I am trying to combine two frozen models (protobuffs) for object detection. The issue is one of the models is my own dataset and the other is the prebuilt model for coco dataset (just include more classes to the dataset itself). Is this possible? or is there a better approach to perform this? As training all the classes from scratch will probably take weeks. Thanks for the help in advance.


Solution

  • The issue is one of the models is my own dataset and the other is the prebuilt model for coco dataset (just include more classes to the dataset itself). Is this possible?

    Of course, it's possible. But you need to train the model again.
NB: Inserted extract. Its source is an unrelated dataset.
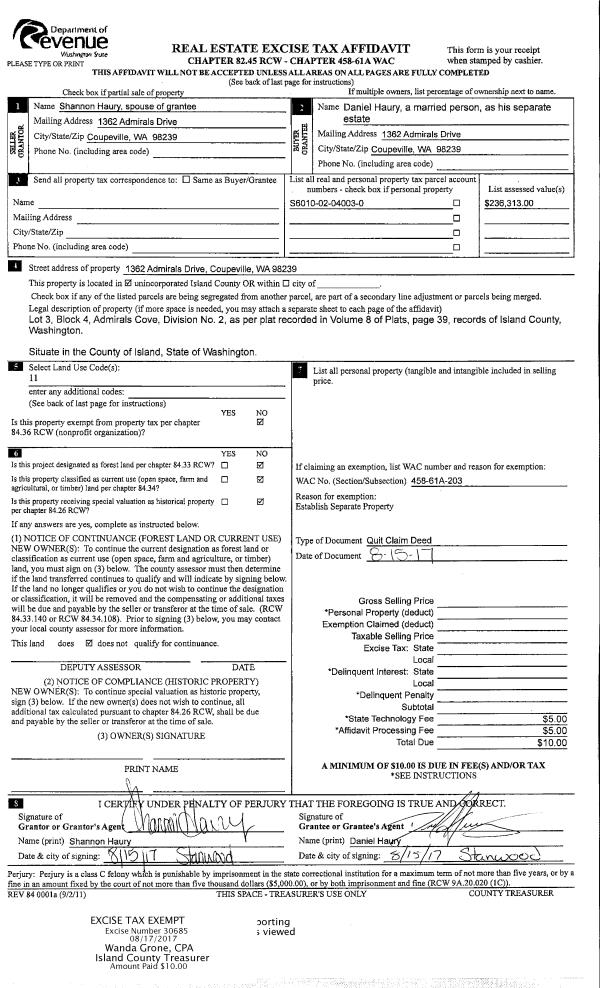 | 4 | 11/06/2008 | ESTSEPPROP | Establish Separate Property | HANCOCK, OLIVER D | HANCOCK, OLIVER D | | | $0.00 | 82893 | 4239570 |

When you train the model using your data like this,

    python object_detection/train.py \
        --logtostderr \
        --pipeline_config_path=${PATH_TO_YOUR_PIPELINE_CONFIG} \
        --train_dir=${PATH_TO_TRAIN_DIR}
    

    Here the ${PATH_TO_YOUR_PIPELINE_CONFIG} is your config file and you need to specify the pre-trained model path as below,

    fine_tune_checkpoint: "PATH_TO_BE_CONFIGURED/model.ckpt"
    

    So doing this will help your training to converge faster, because instead of starting from scratch now your network will start from coco dataset's training weights.

    You need to download the coco model from here which you want to use. Then specify the model file path on the config file demonstrated above.